Why this site exists

manifesto

evidence-synthesis

Cochrane and GRADE have been grading clinical evidence for decades. That toolkit hasn’t been imported into the conversation about clinical AI in any organized way. This is my attempt.

Author

Paulina Del Mundo

Published

May 14, 2026

Most writing about clinical AI right now talks about it the way physicians talk about a new drug at a sponsored dinner: lots of mechanism, a few cherry-picked endpoints, and very little discussion of what the evidence base would have to look like to actually trust it in clinic on Monday.

That’s a strange way to talk about clinical AI, because we already know how to talk about clinical evidence.

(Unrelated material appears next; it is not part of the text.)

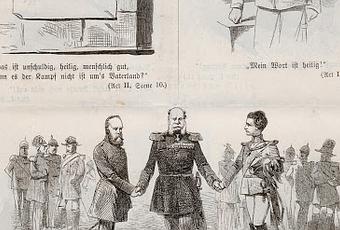 Cette page illustrée des Fliegende Blätter est organisée comme la mise en scène d'une pièce de théâtre avec pour protagonistes le roi de Bavière, Bismarck et l'empereur Guillaume Ier. Les répliques reproduites sous les vignettes sont extraites, non sans humour et ironie, de la pièce Die Jungfrau von Orleans. Eine romantische Tragödie (La pucelle d'Orléans, une tragédie romantique) que Schiller écrivit en 1801. Jeanne d'Arc qui prête ses répliques aux Allemands victorieux.

Cochrane and GRADE have been doing it for decades. PRISMA tells you how to report a synthesis. ROBINS-I extends risk-of-bias grading to non-randomized studies. PROBAST and TRIPOD-AI tell you how to read prediction models. None of these tools are new. They just haven’t been imported into the conversation about clinical AI in any organized way.

This site is my attempt to do that. I’m a physician with an MPH in epidemiology and biostatistics from Johns Hopkins. I spent a chunk of my training doing systematic reviews — including one that shaped Wilms tumor chemotherapy guidelines for the Philippines. I now work as a clinical data scientist with EHR, claims, and SDoH data at scale. Evidence synthesis is the lens I already use to read studies. I want to apply it, in public, to clinical AI.

What I plan to write

Study teardowns. A new clinical AI paper comes out — I read it three ways. With the trial-evaluation toolkit (GRADE, RoB 2). With the prediction-model toolkit (PROBAST, TRIPOD-AI). With the implementation toolkit (decision-curve analysis, calibration, cost-effectiveness). The question isn’t “is the model good.” The question is “what claim does this evidence actually support.”
Framework drafts. Cochrane RoB 2 was built for randomized trials. ROBINS-I extended risk-of-bias grading to observational studies. What does an equivalent tool look like for what an LLM “read” during training? I’m going to publish v0.1s and let the rough edges show, then revise in public.
Case-study companions. Each of the project notebooks on this site already has the analytic detail. What’s missing is the narrative — methods choices, what I’d do differently, what the analysis can and can’t claim. I’ll write those next to the code.

Who this is for

If you read clinical AI papers and find yourself wishing someone would just grade the evidence, you’re the reader I’m writing for. That includes clinicians evaluating AI vendor pitches, the PMs and operators on the other side of those pitches, MPH and med students learning evidence synthesis for the first time, and the policy and journalism people who have to translate clinical AI into something coherent for a non-specialist audience.